**GOAL OF THE EXERCISE**
Nothing outside the lines below from the one containing "A 2. ábrán látható" through the one containing "Общая площадь 41.2 м2" is to be printed; print those exactly, ends included, and drop the pictures.
(MATERIAL SUPPLIED)
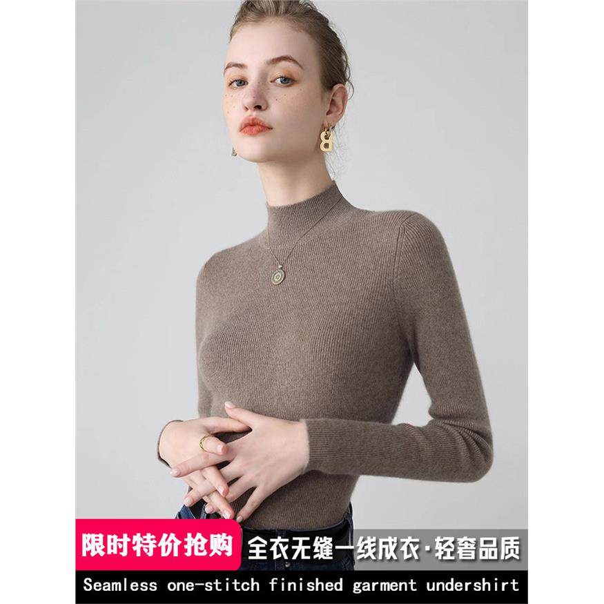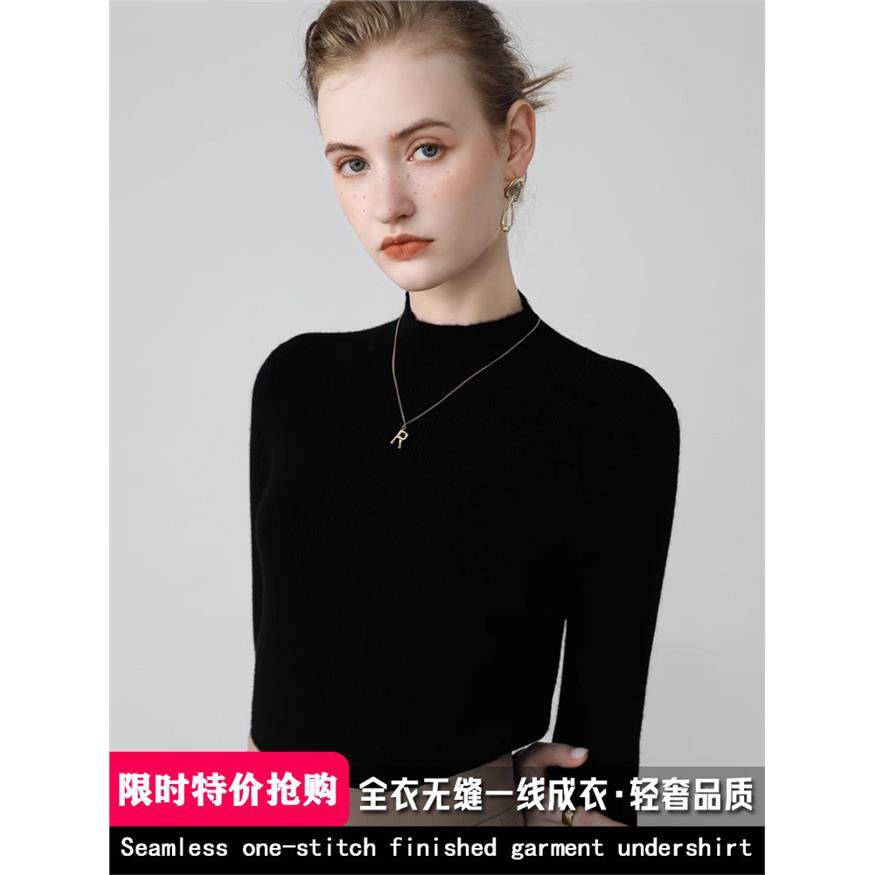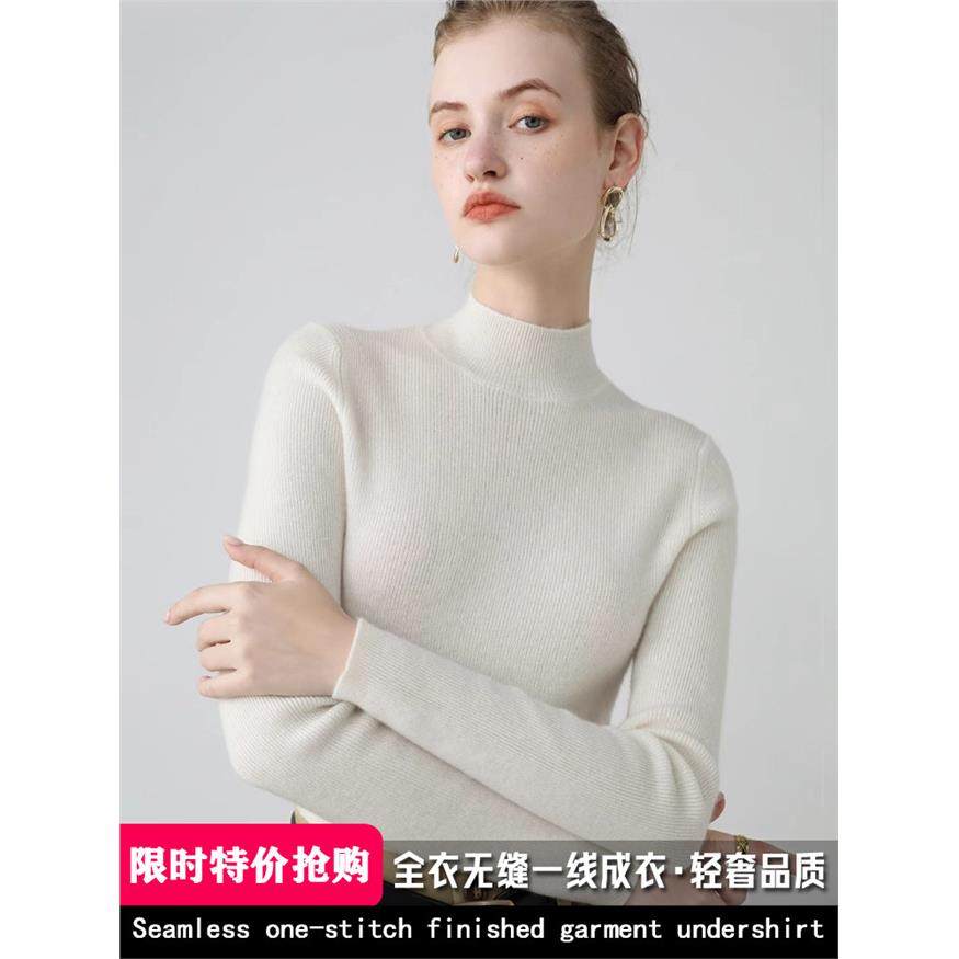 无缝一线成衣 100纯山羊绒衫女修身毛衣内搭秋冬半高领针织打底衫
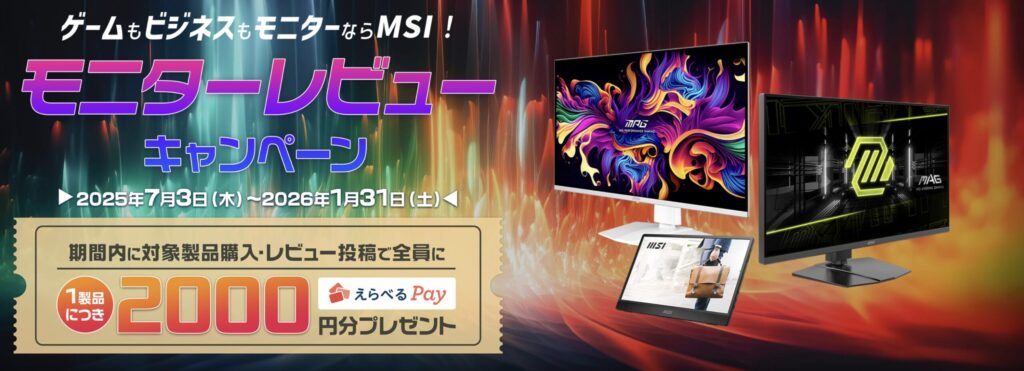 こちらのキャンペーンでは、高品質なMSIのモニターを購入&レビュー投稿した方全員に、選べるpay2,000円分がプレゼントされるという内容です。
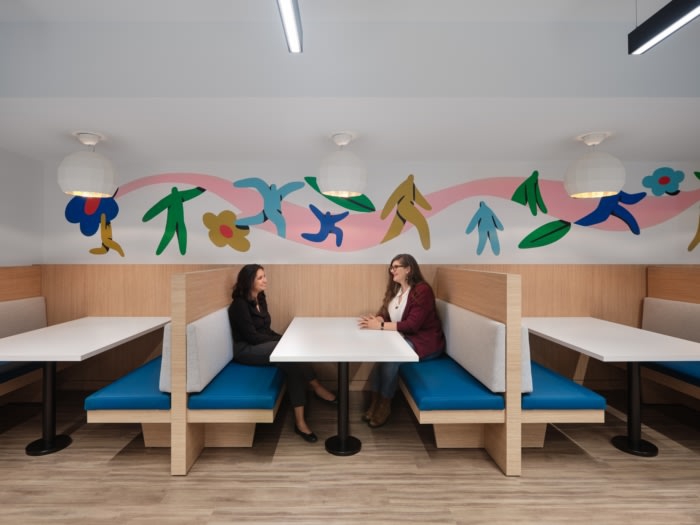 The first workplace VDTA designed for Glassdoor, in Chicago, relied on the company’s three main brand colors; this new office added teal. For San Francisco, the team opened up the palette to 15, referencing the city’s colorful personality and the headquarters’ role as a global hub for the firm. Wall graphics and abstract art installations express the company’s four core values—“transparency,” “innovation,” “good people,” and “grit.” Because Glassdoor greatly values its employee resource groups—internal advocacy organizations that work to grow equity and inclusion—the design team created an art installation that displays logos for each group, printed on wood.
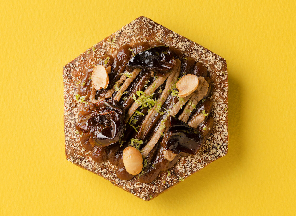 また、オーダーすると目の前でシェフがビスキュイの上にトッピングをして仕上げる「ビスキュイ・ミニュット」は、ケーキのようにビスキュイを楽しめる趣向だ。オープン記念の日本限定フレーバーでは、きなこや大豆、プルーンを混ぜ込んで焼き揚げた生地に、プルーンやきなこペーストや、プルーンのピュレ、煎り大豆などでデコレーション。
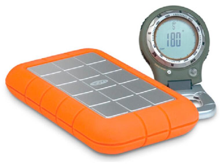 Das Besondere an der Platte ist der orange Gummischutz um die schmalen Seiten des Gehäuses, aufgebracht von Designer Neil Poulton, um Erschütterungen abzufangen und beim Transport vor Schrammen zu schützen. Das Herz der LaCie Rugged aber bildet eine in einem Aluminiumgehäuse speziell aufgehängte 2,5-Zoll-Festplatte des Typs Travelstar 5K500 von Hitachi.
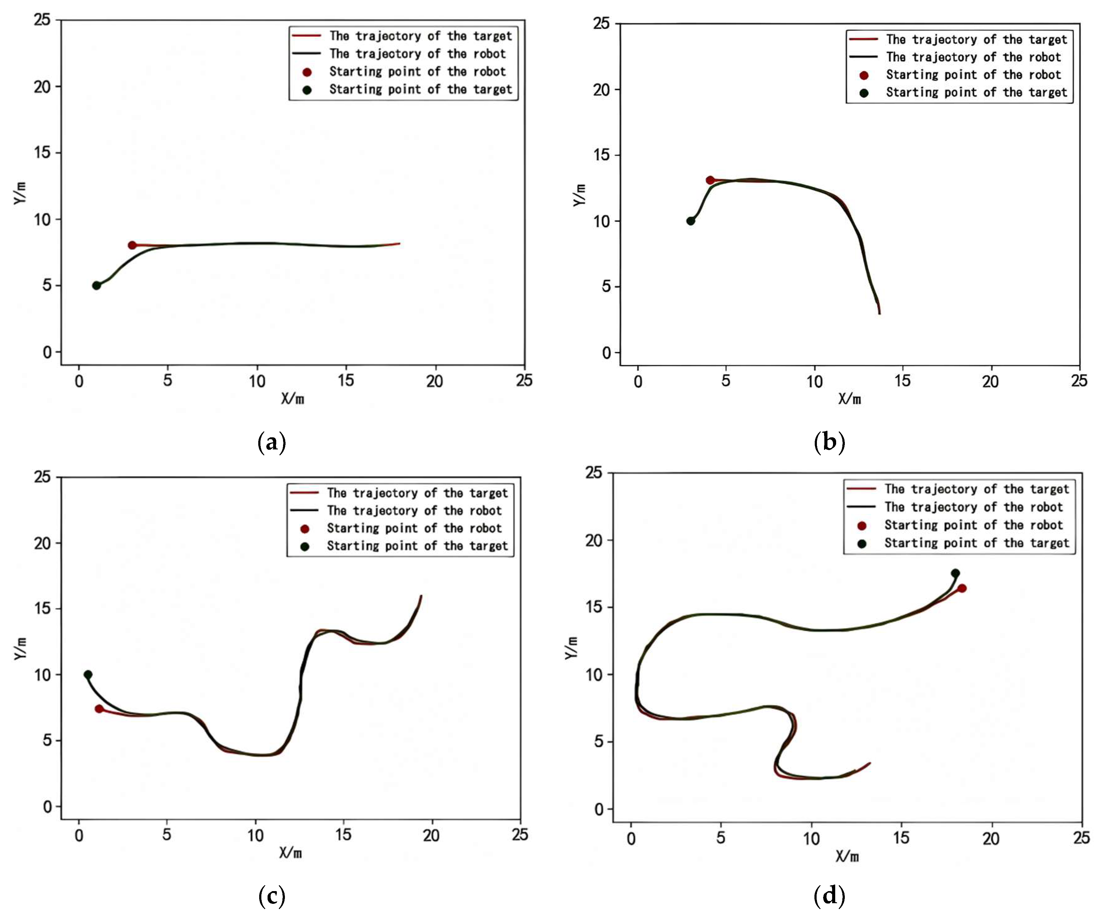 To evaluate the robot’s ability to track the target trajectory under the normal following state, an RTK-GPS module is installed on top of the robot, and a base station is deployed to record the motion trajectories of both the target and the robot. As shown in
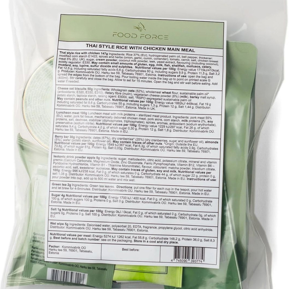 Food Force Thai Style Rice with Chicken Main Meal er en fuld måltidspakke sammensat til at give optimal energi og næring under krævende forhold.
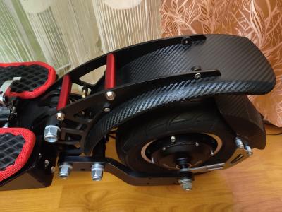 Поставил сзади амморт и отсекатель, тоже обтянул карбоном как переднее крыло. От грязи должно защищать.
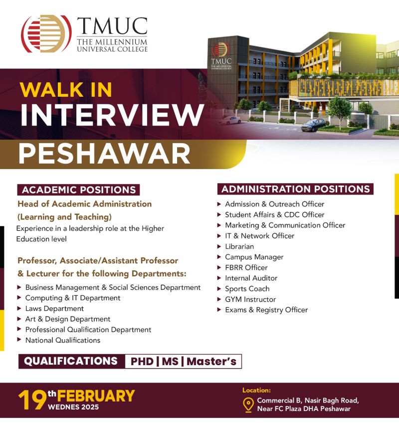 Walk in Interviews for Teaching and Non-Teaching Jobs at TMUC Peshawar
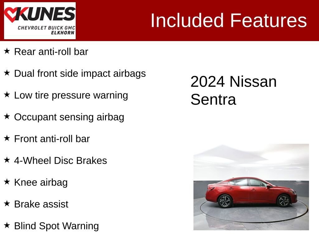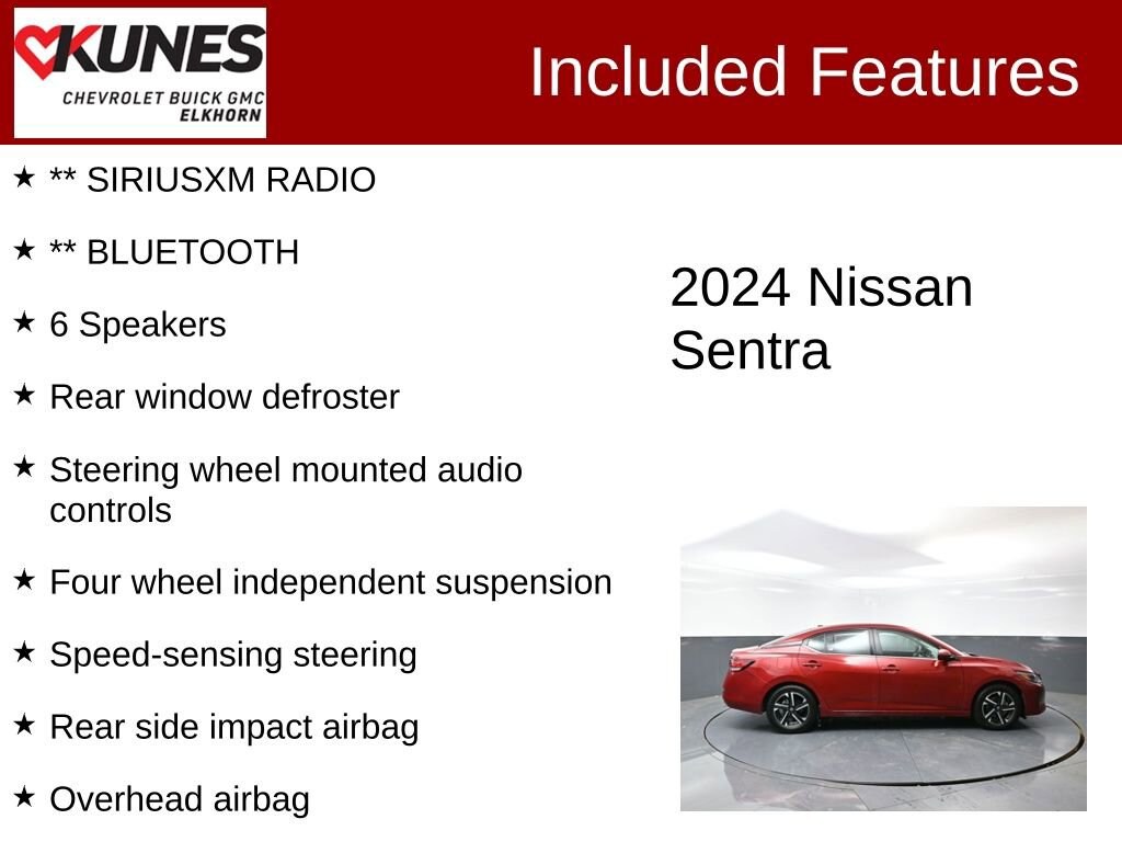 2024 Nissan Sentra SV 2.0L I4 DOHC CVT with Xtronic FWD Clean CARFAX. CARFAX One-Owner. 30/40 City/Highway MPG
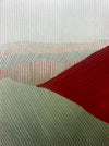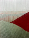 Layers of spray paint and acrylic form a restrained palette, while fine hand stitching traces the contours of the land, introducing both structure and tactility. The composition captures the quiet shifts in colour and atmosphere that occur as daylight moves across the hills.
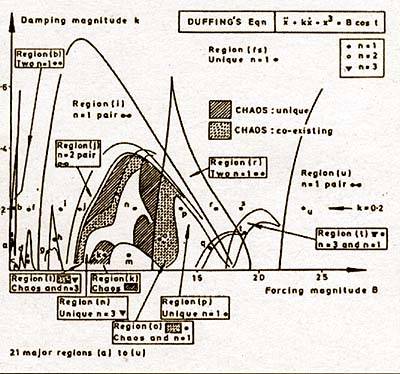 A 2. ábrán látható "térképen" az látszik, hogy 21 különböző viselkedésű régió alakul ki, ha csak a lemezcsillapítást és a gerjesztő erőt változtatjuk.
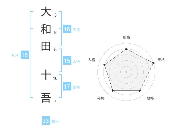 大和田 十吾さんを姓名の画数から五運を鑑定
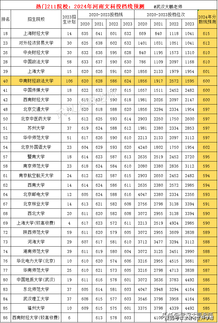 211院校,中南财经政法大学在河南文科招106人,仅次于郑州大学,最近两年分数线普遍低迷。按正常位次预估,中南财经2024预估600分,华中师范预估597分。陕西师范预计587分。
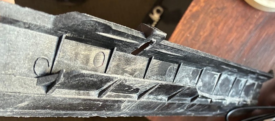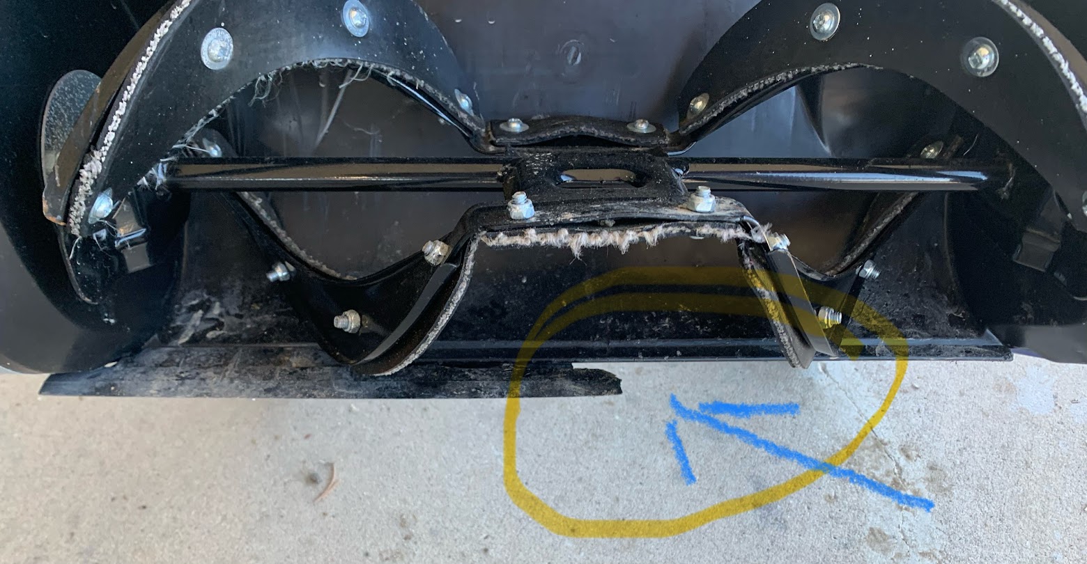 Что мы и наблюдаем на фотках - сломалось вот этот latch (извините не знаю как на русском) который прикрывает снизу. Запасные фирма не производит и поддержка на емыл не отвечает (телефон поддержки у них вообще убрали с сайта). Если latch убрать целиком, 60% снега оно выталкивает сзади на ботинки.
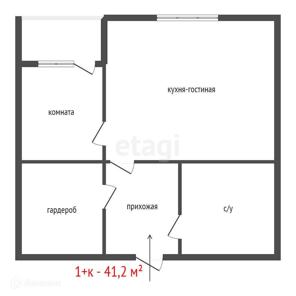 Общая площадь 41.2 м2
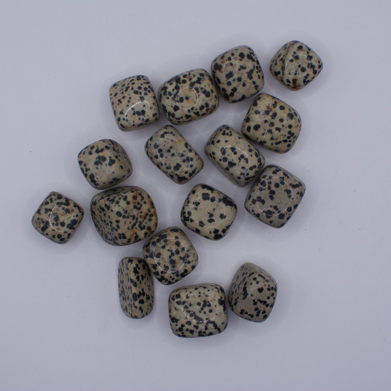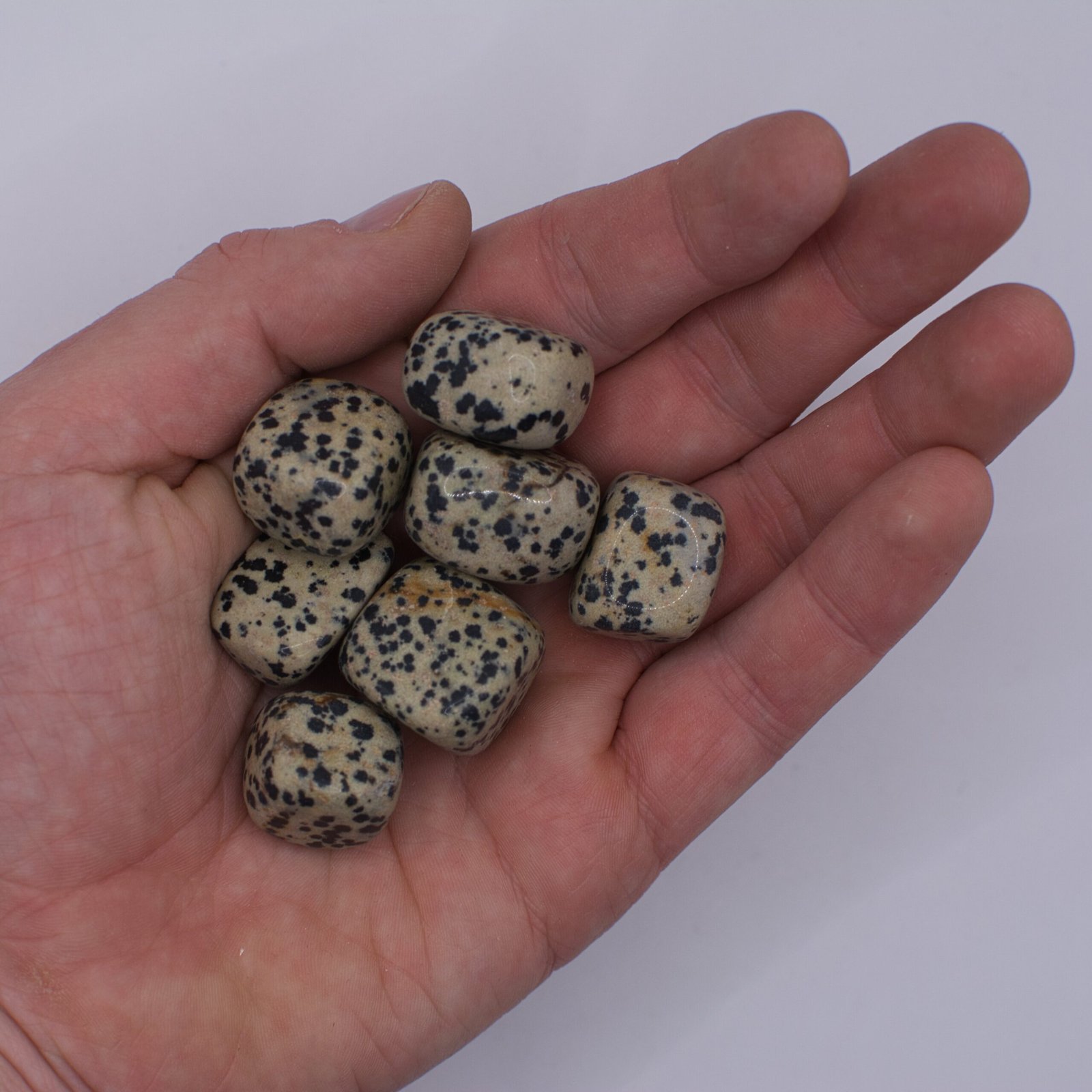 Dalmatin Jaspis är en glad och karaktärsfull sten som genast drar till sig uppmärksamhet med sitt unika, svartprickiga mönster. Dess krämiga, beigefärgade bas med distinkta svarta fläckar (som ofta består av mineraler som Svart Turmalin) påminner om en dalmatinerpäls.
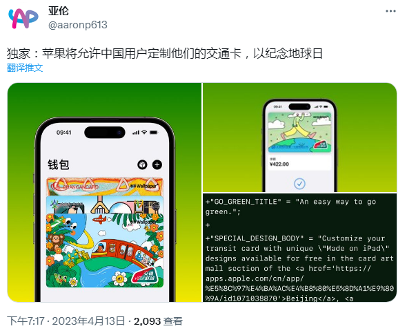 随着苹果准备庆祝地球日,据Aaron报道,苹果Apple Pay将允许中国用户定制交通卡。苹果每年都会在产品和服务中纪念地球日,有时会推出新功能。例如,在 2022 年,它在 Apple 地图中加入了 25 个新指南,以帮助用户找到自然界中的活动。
(End MATERIAL SUPPLIED)
**ANSWER BELOW**
 A 2. ábrán látható "térképen" az látszik, hogy 21 különböző viselkedésű régió alakul ki, ha csak a lemezcsillapítást és a gerjesztő erőt változtatjuk.
 大和田 十吾さんを姓名の画数から五運を鑑定
 211院校,中南财经政法大学在河南文科招106人,仅次于郑州大学,最近两年分数线普遍低迷。按正常位次预估,中南财经2024预估600分,华中师范预估597分。陕西师范预计587分。
 Что мы и наблюдаем на фотках - сломалось вот этот latch (извините не знаю как на русском) который прикрывает снизу. Запасные фирма не производит и поддержка на емыл не отвечает (телефон поддержки у них вообще убрали с сайта). Если latch убрать целиком, 60% снега оно выталкивает сзади на ботинки.
 Общая площадь 41.2 м2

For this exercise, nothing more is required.